Anmeldung auf letzten Drücker

Aufgrund der augenscheinlichen Probleme habe der Elternrat der Pfadi entschieden, eine Projektgruppe ins Leben zu rufen. Mitglied dieser Projektgruppe ist Marcel Schneider aus Rossrüti, dessen Kinder in die Pfadi gehen. «Zuerst haben wir uns Gedanken gemacht, wie das Haus renoviert werden soll. Auch eine sanfte Renovation stand zur Debatte.» Diese würde sich aber nicht lohnen, da der Aufwand viel zu gross sei. «Deshalb haben wir uns für einen Neubau oder mindestens eine komplette Renovation entschieden», sagt Schneider. Eigentlich habe die Pfadi erst diesen Herbst mit dem Projekt an die Öffentlichkeit gehen wollen. Doch dann stiessen sie im Mai auf den Jubiläumswettbewerb der St.
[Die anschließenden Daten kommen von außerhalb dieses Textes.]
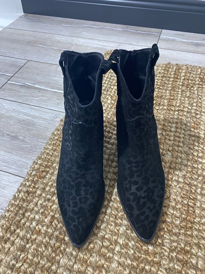 Siyah leopar Desenli Süet Dolgu Topuk Bot

Galler Kantonalbank. «Wir mussten noch kurzfristig alle Unterlagen zusammenstellen und schafften es erst kurz vor Anmeldeschluss, das Projekt einzureichen», erinnert sich Franziska Gämperle. Von den 338 eingereichten Projekteingaben, stand das Pfadiheim von Beginn an auf den vorderen Rängen. «Es hat sicher geholfen, dass wir es sogleich in einem Chat, an den alle Schweizer Pfadiabteilungen angeschlossen sind, publik gemacht haben», sagt die Abteilungsleiterin. Viele Menschen in der Region würden es zudem schätzen, wenn es in Wil einen Ort gäbe, wo andere Pfadiabteilungen ihr Lager machen könnten und auch sonstige Gruppen günstig übernachten könnten. «Deshalb wollen sie dieses Angebot auch in Zukunft erhalten», sagt Franziska Gämperle. Der Neubau soll auch der Pfadi Wil dazu verhelfen, einen eigenen Aufenthaltsort zu haben. «Momentan haben wir eine Übergangslösung an der Wilenstrasse, nachdem wir das Zeughaus verlassen mussten. Das Pfadiheim können wir nicht nutzen, da es oft am Wochenende belegt ist», sagt Enjoya.

Matratzenlager statt Betten

Marcel Schneider erklärt die Baupläne: «Wir müssen zwar noch Abklärungen mit der Stadt bezüglich Baubewilligung machen, ein zusätzliches Keller-Stockwerk müsste aber möglich sein. Auch sollen keine festen Schlafgelegenheiten mehr eingebaut werden. Stattdessen gibt es ein Matratzenlager. «So können wir die Räume auch für Versammlungen vermieten», sagt Schneider.

Unterstützung von bis zu 100 000 Franken erhalten die 30 Projekte, die von der Jury des Preises am 23. Juni ausgewählt werden. Da die Projekte bis 2018 realisiert werden müssen, müssten danach noch eifrig Spenden gesammelt werden, sagt Schneider. Der Publikumspreis an sich trägt nichts zur Finanzierung des Projektes bei. Zwar fliesst das Resultat der Abstimmung in die Jury-Entscheidung ein, der Preis selbst sind aber drei Übernachtungen auf der Schwägalp.